Rozdział 2
-Gdzie jest Nina?-Kate rozejrzała się dookoła.
-Racja, przecież wsiadała z nami do wozu.-potwierdził Tom
-Pamiętajcie, ona jest nowa. Pewnie dyrektor ją wezwał.-wtrącił Ted.
Wchodzili właśnie do Wielkiej Sali, uśmiechnęli się. Wreszcie byli w domu.
***
W tym samym czasie ich koleżanka Nina wspinała się po schodach do gabinetu dyrektora. Otworzyła drzwi.
-Halo? Jest tu kto?-zawołała. Na biurku leżała stara poniszczona tiara. Obok niej była karteczka z napisem Włóż ją na głowę Nina delikatnie podniosła tiarę i wsadziła ją sobie na głowę. Nagle tiara przemówiła:
-Jesteś sprytna... i to nawet bardzo…Uparcie dążysz do celu… Hymn, duży potencjał…. Planowałaś kiedyś naukę Czarnej Magii?
-Nie sądzę- prychnęła dziewczyna, ale usłyszała w głowie głos ,,A czemu nie?”
Wiedziała, że to niemożliwe, ale kiedy usłyszała ten głos w swojej głowię, tiara Przydziału jakby zesztywniała.
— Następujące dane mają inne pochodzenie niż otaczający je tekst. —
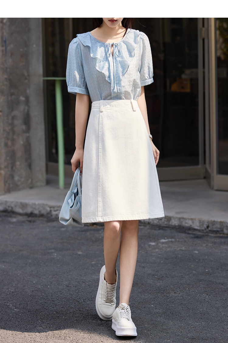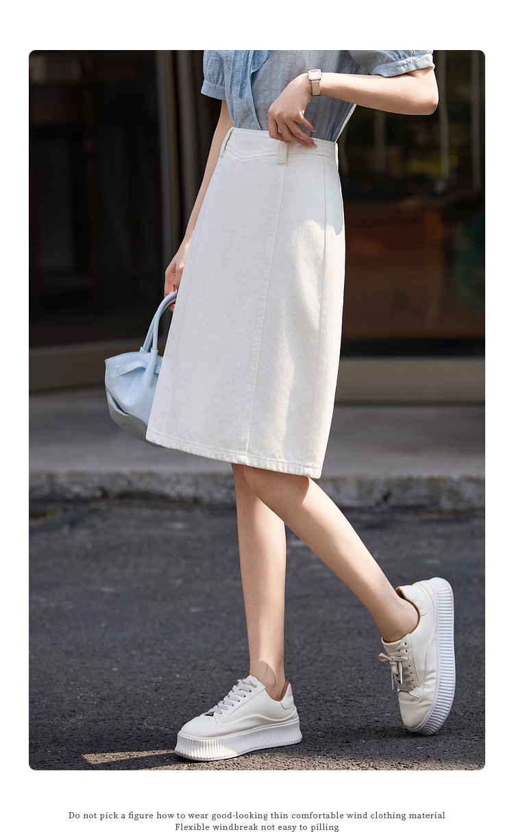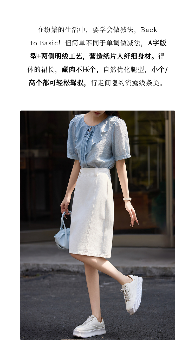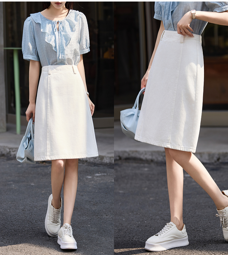 熙世界纯棉白色牛仔半身裙女2025夏季新款小个子显瘦a字直筒中裙

-SLYTHERIN!-ryknęła po chwili.
-Tylko nie to!-poprosiła dziewczyna.
- Dlaczego?- spytała się zdziwiona tiara.
,, To jak postępują inni, nie znaczy, że my mamy postępować tak samo” W głowie dziewczyny zabrzmiał męski głos. Niby obcy ale jednak… Taki znajomy.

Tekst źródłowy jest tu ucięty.